If I were brave (or foolish) enough to look back at all of my previous announcements of forthcoming Furrowed Middlebrow titles, I know beyond a shadow of a doubt that each time I've said I was more excited than I had ever been before about our new titles. Surely by now you'd think my head would have exploded from overstimulation.
But I'm going to say it again this time, and I don't think you'll have any doubt that I'm telling the truth. This is the kind of announcement I've long dreamed of making. Previously unpublished novel by an author I adore and am so proud to have been able to get back into print? OMG indeed.
On my year end Furrowed Middlebrow Dozen a few months ago, my top spot went to a book I couldn't yet reveal. It had been a completely unexpected revelation to me, as I had received an email in mid-December from the heirs of one of my favorite Furrowed Middlebrow authors (they're all favorites, of course, but this one holds a special place for me indeed, as I know she does for many of you), with the news that a previously unpublished novel, long thought to have been lost, was now found, and would I like to read it?
Holy &@#$, yes please!
And far beyond the excitement I felt at reading a "new" novel from an author I loved was the realization, as I was reading, that it was bloody wonderful. I couldn't put it down, and as I reached the last chapter or two, I was in terrible suspense as to whether it could end as well as it had started. (It did.)
Yes yes yes, Furrowed Middlebrow, for heaven's sake, shut up and tell us what you're on about!
The book in question is...
The Marble Staircase, by none other than the incomparable and irresistible Elizabeth Fair.
[pause for suitable shrieks and exclamations]
|The envelope in which the manuscript|
was discovered by Fair's heirs
It's just oh so lovely. Shall I say just a bit about the plot? Twist my arm.
In the mid-1950s, Charlotte Moley, a widow who has long been a bit browbeaten by her grown daughter and very traditional mother ("Charlotte could be likened to grit in their smooth-running lives"), receives an unexpected inheritance from an old friend with whom she once spent idyllic holidays in Italy. The larger-than-life Mrs. Gamalion leaves her a house in the village of Nything (based, almost certainly, on Lytham in Lancashire, where the Fair family sometimes spent holidays), a bit the worse for wear but sufficient to awaken fantasies in Charlotte of leaving her old life behind and making a fresh start. As she explores the village and the house containing Mrs. Gamalion's belongings, memories of their times in Italy return...
I don't want to say too much, so I will simply add that when I described it to Rupert at Dean Street Press, in what was undoubtedly an annoyingly giddy, hyperventilating sort of email, I said it was like All Passion Spent crossed with The Enchanted April and filtered through the sensibility of Penelope Lively. You may, of course, describe it in your own way, and happily you will have the chance to do just that before too long, as we have bumped another planned title out of the way in order to release The Marble Staircase with our summer 2022 batch of titles (exact release date coming soon, along with announcements of our other summer titles, for which lingering contract revisions are flying back and forth as you read these words).

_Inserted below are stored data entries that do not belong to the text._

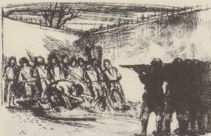
Zeitbild Abb. 8 (August 1942)

Andererseits darf nicht übersehen werden, dass die Wirksamkeit des Kampfes, den der Nebelspalter gegen den Nationalsozialismus führte, in der Schweizer Bevölkerung nie von so grosser Wirkung gewesen wäre, wenn nicht die Zensur soviel Anlass zu karikaturistischen Angriffen gegeben und also dem Nebelspalter die Möglichkeit geboten hätte, den Sack (die Zensur) zu schlagen, aber den Esel (die Nazis) zu meinen.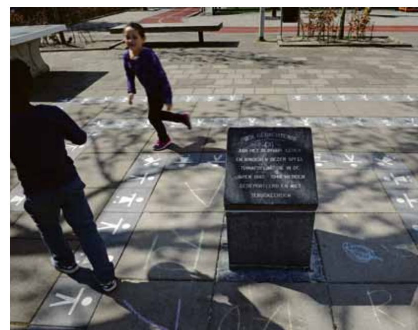
Oorlogsmonument Joubertstraat, Transvaalbuurt.

4 en 5 mei activiteiten in Oost Ook dit jaar zijn er weer veel activiteiten in Oost. Verdeeld over het stadsdeel zijn er op 4 mei zeven herdenkingen. Die in Loods 6 op KNSM-eiland begint om 15.00 uur. Verder zijn er verhalen te horen in huizen waar voor de oorlog Joden woonden en zijn er verschillende verzetsverhalen op locatie. Op 5 mei zijn op verschillende plekken vrijheidsdinners. Kijk voor het volledige programma op: www.4en5meiamsterdam.nl/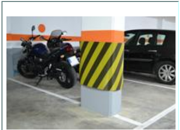
Colores disponibles :

Medidas: Alto 70 Cm x grueso 2 Cms. X 25 Mts.largo (mínimo 1 metro)

|The opening paragraph of The Marble Staircase|
To add to this title's fascination, while first assumptions might be that The Marble Staircase was Fair's final novel, perhaps rejected by her publisher as times changed, snippets from Fair's diaries which were shared with me by her heirs suggest a more complex story. She mentions working on the novel (perhaps initially titled The Italian Legacy and, later, The Beautiful View) at least as early as January 1958, not long after the appearance of her fifth novel, A Winter Away, and more than two years before her final published novel, The Mingham Air, appeared. The longer-than-usual gap between the publications of Winter and Mingham may well suggest that Fair was initially at work on Staircase but that she was experimenting with different structures and alternative ways of telling her story.
Staircase is, structurally, a more complex novel than Fair's other work, with its shifts from the present time in Nything to Charlotte's shimmering recollections of the Italy of 25 years earlier. Fair's diary suggests that she initially planned to devote the first part of the novel to Charlotte's and Mrs. Gamalaion's time in Italy, and the latter part to Charlotte's present attempts at a new life, but she decided later that the two sections should be interwoven and allowed to resonate more fully with each other. A more challenging project, no doubt, and one that must have required considerable work and planning.
We have no evidence that Fair ever submitted The Marble Staircase to her publisher. Perhaps she remained unsatisfied with it, or planned to return to it for further revisions. Perhaps she felt it was taking too long and put it aside to write The Mingham Air. However, the manuscript we have is certainly complete, and however extensive the reworking and revising she had done, this is clearly a more or less final edit, with only minimal handwritten corrections of small errors. I'm obviously a bit biased, but if she did have lingering doubts about the success of her experiments, I can't imagine that many readers will share them.